━━━━━ The data ━━━━━
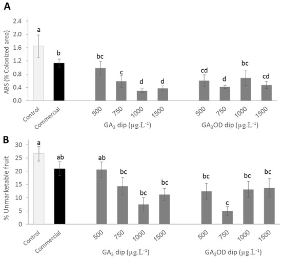 The effect of the GA3OD formulation at a range of 500 to 1500 µg·L−1 was also interesting, showing a reduction in ABS coverage ranging from 56% to 76% compared to the ABS coverage of untreated fruit.
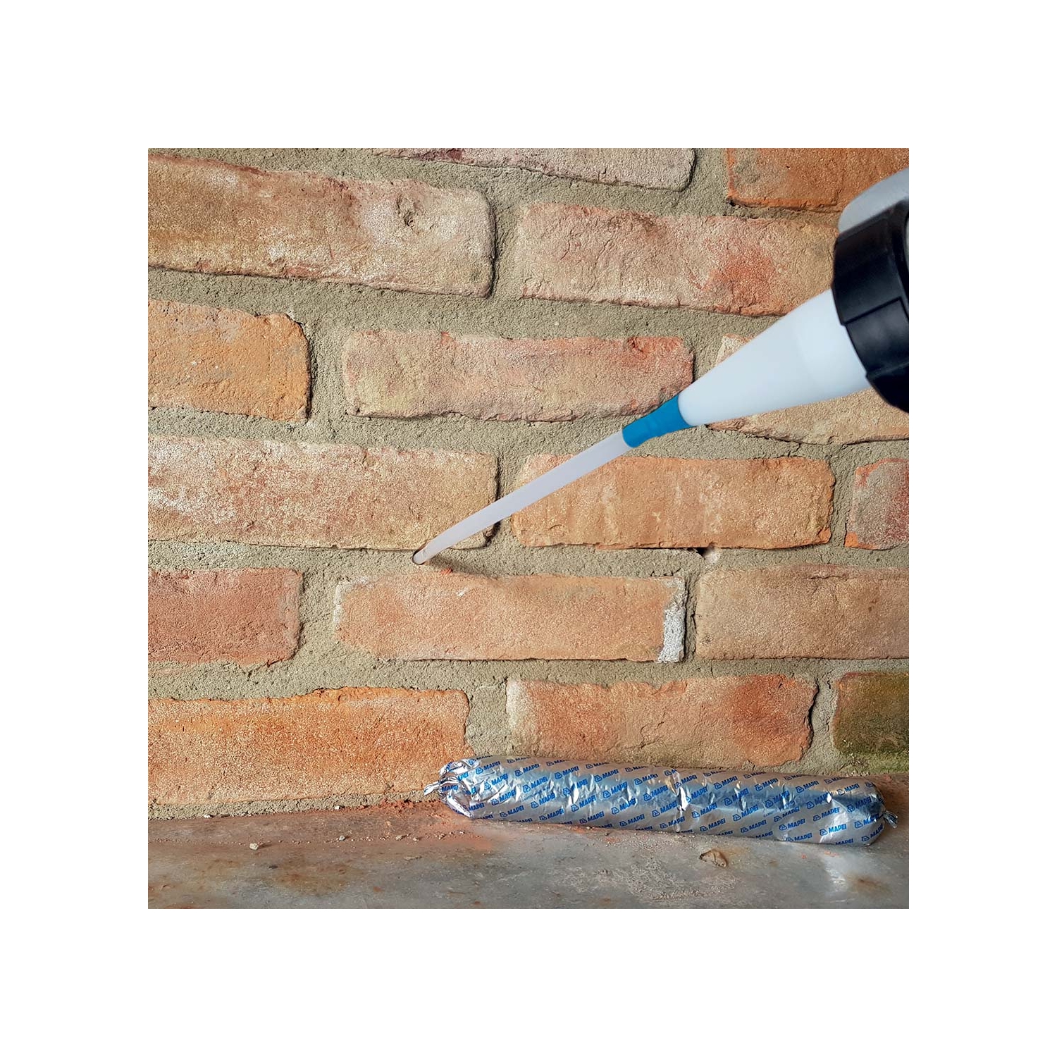 Il Mapestop Cream è disponibile in cartucce da 600 ml è un emulsione cremosa, a base di silano, ideale per la realizzazione di barriere chimiche contro l’umidità di risalita capillare.
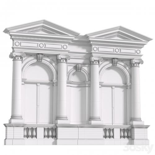 Colonnades can be used in the form of porticos and galleries adjacent to the building, which unite its separate volumes and visually connect it with the surrounding space of the courtyard or square
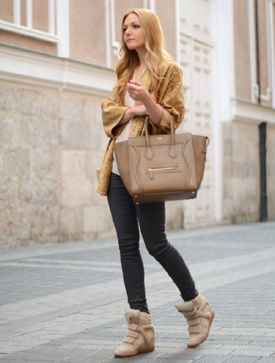 - Утеплені кеди на танкетці найкраще носити з курткою або плащем, пошитыми в агресивному стилі «мілітарі». Таке взуття підійде до верхнього одягу casual-стилю.
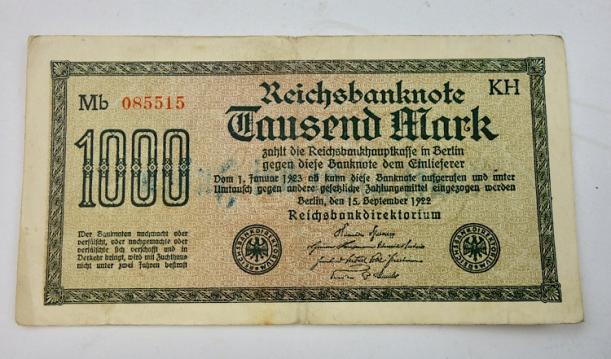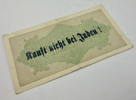 Very rare early 1930's Third Reich bank note of 1000 Reichs Marks, reprinted on its back with anti Jew propaganda "Kauft nicht bei Juden!" (Do not buy from Jew's) in used but very good condition!
━━━━━
● **What the exercise asks**: Leaving out any pictures, write the records above out exactly as they are.

● **Written answer**:
 The effect of the GA3OD formulation at a range of 500 to 1500 µg·L−1 was also interesting, showing a reduction in ABS coverage ranging from 56% to 76% compared to the ABS coverage of untreated fruit.
 Il Mapestop Cream è disponibile in cartucce da 600 ml è un emulsione cremosa, a base di silano, ideale per la realizzazione di barriere chimiche contro l’umidità di risalita capillare.
 Colonnades can be used in the form of porticos and galleries adjacent to the building, which unite its separate volumes and visually connect it with the surrounding space of the courtyard or square
 - Утеплені кеди на танкетці найкраще носити з курткою або плащем, пошитыми в агресивному стилі «мілітарі». Таке взуття підійде до верхнього одягу casual-стилю.
 Very rare early 1930's Third Reich bank note of 1000 Reichs Marks, reprinted on its back with anti Jew propaganda "Kauft nicht bei Juden!" (Do not buy from Jew's) in used but very good condition!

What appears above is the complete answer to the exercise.